Hayır. Uzun dönemde görülen bu problemlerle karşılaşabilirler. Görme, işitme veya beyin hasarına bağlı zihinsel gelişim geriliği, hareket bozuklukları, spastisite nedeniyle oturamama, yürüyememe, dikkat dağınıklığı veya aşırı hareketlilik bu problemler arasındadır. Ayrıca okul sürecinde öğrenme güçlükleri de yaşayabilirler.
‘YERİMİZ YOK’ DİYORLAR
* Türkiye’de erken doğan bebeklerle ilgili eksikler nelerdir?
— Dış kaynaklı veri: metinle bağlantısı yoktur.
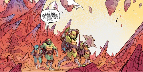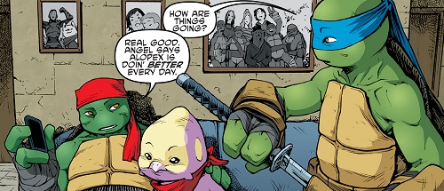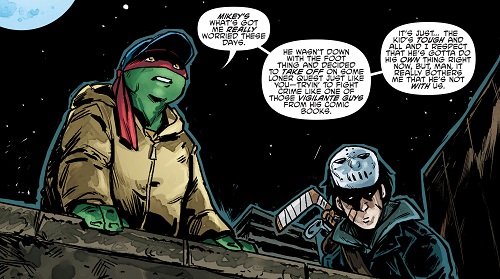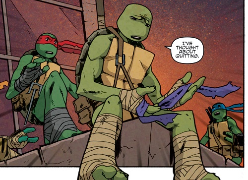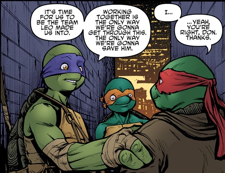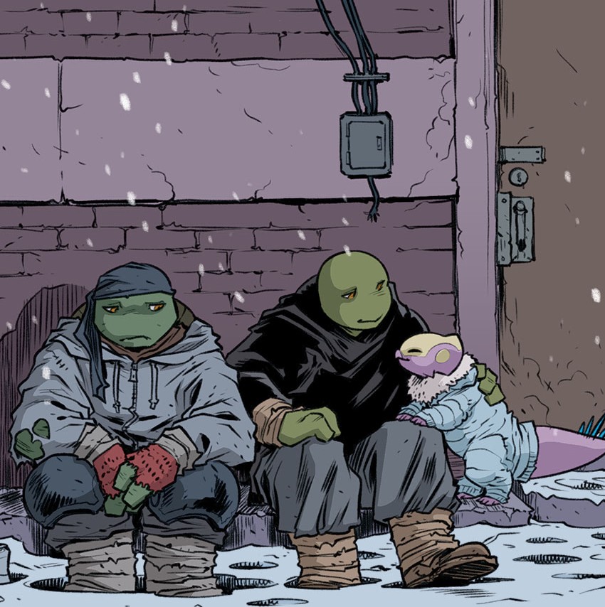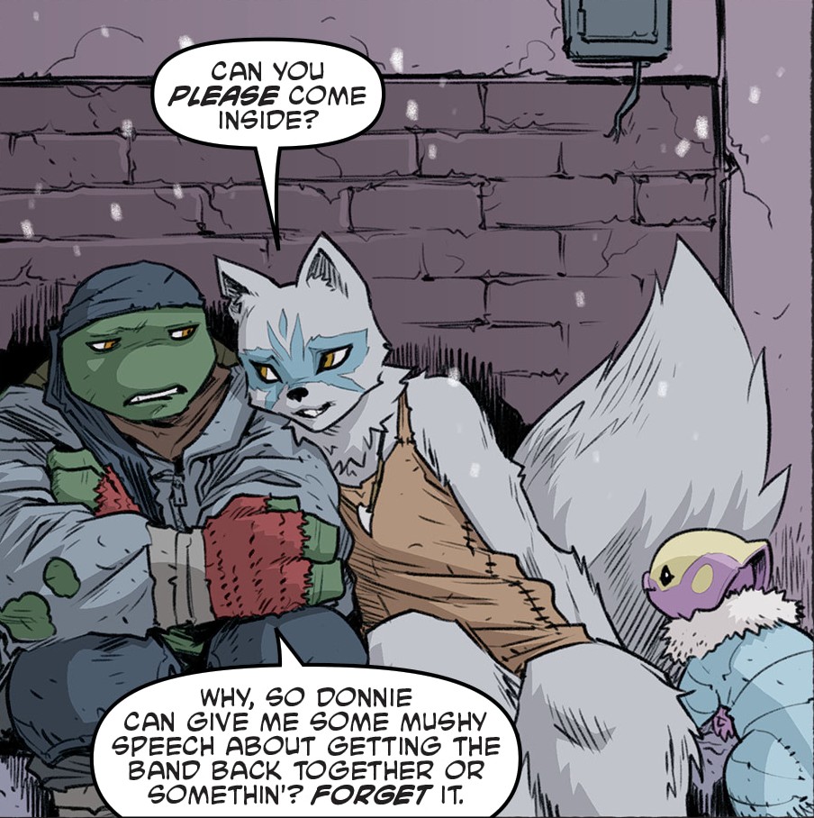 Les semaines suivantes, Leonardo menait toujours ses frères dans des patrouilles à travers les rues. Mais personne n’était réellement concentré. Raphael était surtout préoccupé à l’idée de renouer le lien avec Alopex, déçue de l’avoir vu revenir vers ses anciens ennemis, Saki (TMNT #131) et Old Hob (TMNT #135). Elle refusait toute communication.

Tam donanımlı ve referans merkezi tarzındaki çocuk hastaneleri her büyük ilde olmalı. Yoğun bakım yatağı olan hastane sayısı kısıtlı veya var olan yatakların kullanımı iyi kontol edilmiyor. Acil durumda, hangi hastanede yer olduğu doktorlar ve aileler tarafından bilinmiyor. Hastaneler arası bilgi ağı yok. Erken doğan bebeklerin doğum masrafları bir lüksmüş gibi sigorta kapsamına girmiyor. Genç anne-babaların bebekleri, hastanelerde rehin kalabiliyor. Hastane masraflarını karşılama imkanı olmadığı düşünülen ve erken doğum riski olan annelere, ‘Yerimiz yok’ deniliyor. Bu anneler ve bebekleri kısıtlı sayıdaki uzman hastanelerin kapısından çevriliyor. Erken doğan bebek sahibi anne ve babalara psikolojik destek ve prematüre bakımı ile ilgili eğitim verilmiyor. Bebeğini yaşatabilme şansı bulan birçok prematüre bebek ailesi, rutin çocuk doktoru ve göz doktoru kontrollerini maddi imkansızlıklar nedeniyle gerçekleştiremiyor. Yine aynı nedenle, gerekli ameliyatları yaptıramayabiliyor. Prematürelikten kaynaklanabilecek sorunlar, hiçbir özel sigortanın kapsamına alınmıyor.
KONTROLLERİ AKSATMAYIN
* Türkiye’de erken doğum çok görülüyor mu?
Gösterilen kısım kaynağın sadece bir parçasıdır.